The solution may be to render elements of the scene individually. In the example above, you might render the figure at the back, along with the ground, then the figure at the left, then the one at the right. If the files are rendered as TIFFs, they can be put together in something like Photoshop. The problems start, though, when figures cast shadows on each other, or interact in other ways, because figures that interact need to be rendered together. That can make things complicated.
I was something of a late comer to Poser, so I have used P5 and P6 much more than P4 (I can test things on P4, if necessary). Have you tried using the Firefly renderer and, if so, what happens? In P5, I often found that a render would seem to be going swimmingly, until it abruptly gave up. I never knew what caused that. The render didn't complete, but Poser continued running. The only solution was to try again, with reduced settings for the render job, which usually worked. That implies that there was some sort of resource shortage, but it wasn't one that caused Poser as a whole to lock up.
Sorry for the essay, but I hope some of this helps.


douglaslamoureaux ( ) posted Thu, 16 June 2005 at 11:49 PM

I don't hav any useful advice. I have seen P6 cholke on simple images and chole on complex images. It seems some props (like hair props) are sometimes poorly behaved and cause P6 to crash. You're likely to have better luck rendering in P5. Have you installed SR1 for P6 yet? That might help (or it might cause other problems ;-) I am confident that some day soon P6 will be useable. I'm sure P6 will be fixed before P7 is released. I had similar problems in the first two or three versions of P5.
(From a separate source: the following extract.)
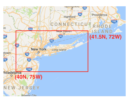 Data, one-hour time window, and location within NYC
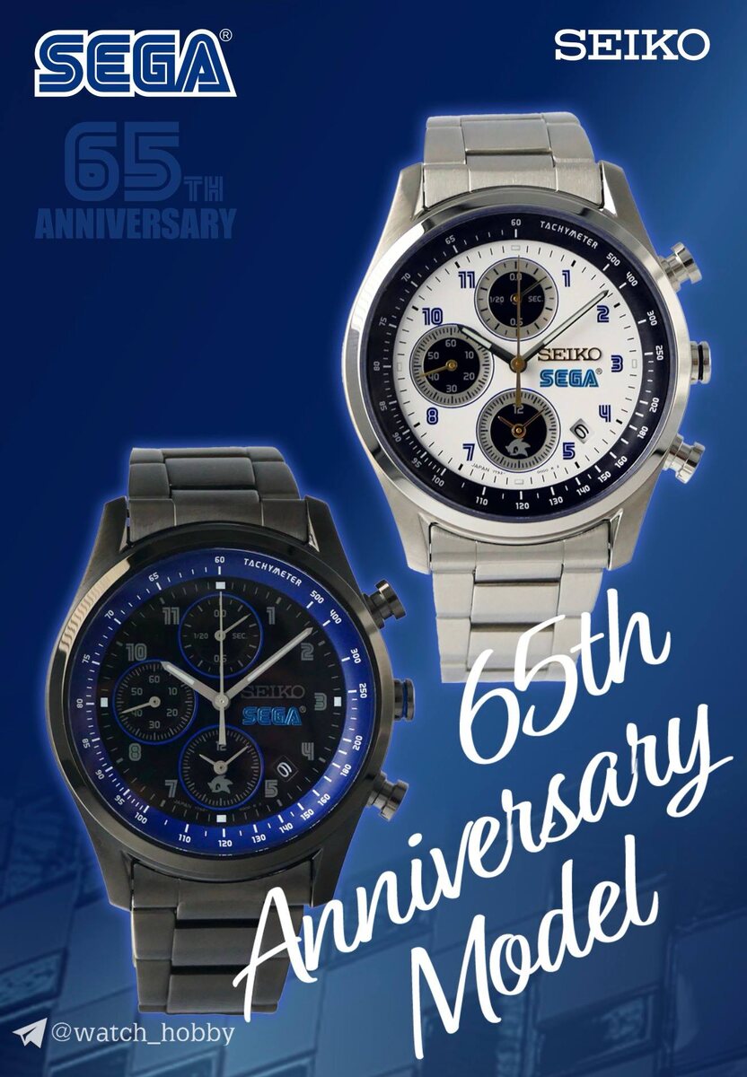 В честь 65-летнего юбилея компании SEGA представлены две вариации кварцевого хронографа. Оба получили ежа на циферблат 🏃♂️ Что с характеристиками: - Корпус из стали - Браслет из стали - Циферблат с логотипами компаний - Размер корпуса: 39.2 мм - От ушка до ушка: 47.2 мм - Высота корпуса: 11.25 мм - Вес: 109 грамм - Сатиновая и зеркальная полировка - Минеральное стекло - Водозащита 100 метров - Малая секундная стрелка - Хронограф - Дата - Кварцевый калибр Seiko 7T92 Представлено 2 вариации: с серебристым корпусом и с черным. Циферблаты новинок дополняет логотип компании SEGA, сделанный с применением винтажного шрифта, а также Соник, расположившийся в счетчике на «6 часах». Оттенки белого циферблата максимально близкие к логотипу SEGA, в то время как черная модель этого лишена, у нее лишь синяя шкала тахиметра и обрамление счетчиков хронографа. На задней крышке находится гравировки компаний и отметка юбилея. Тираж ограничен, но на сколько не ясно, порядковый номер будет также стоят

Morgano ( ) posted Fri, 17 June 2005 at 12:36 AM

When I installed Poser 6, it seemed virtually useless. Trying to render a picture (any picture) was like trying to spot an ostrich on the Moon. I reverted to Poser 5 for everything and composed a blistering complaint to CuriousLabs (I'm good at blistering) and then decided to check for a hardware upgrade. To be fair to CuriousLabs, checking for a driver upgrade is stressed as an absolute necessity about four hundred times, when you install P6. To be fair to me, I HAD checked and Windows had found nothing. When I checked again, a driver was available and it transformed the performance of P6. I have not gone back to P5 since then. Don't get rid of any earlier release, until you have P6 functioning properly, of course, but there could be a driver fix for the problem, even if you have previously searched.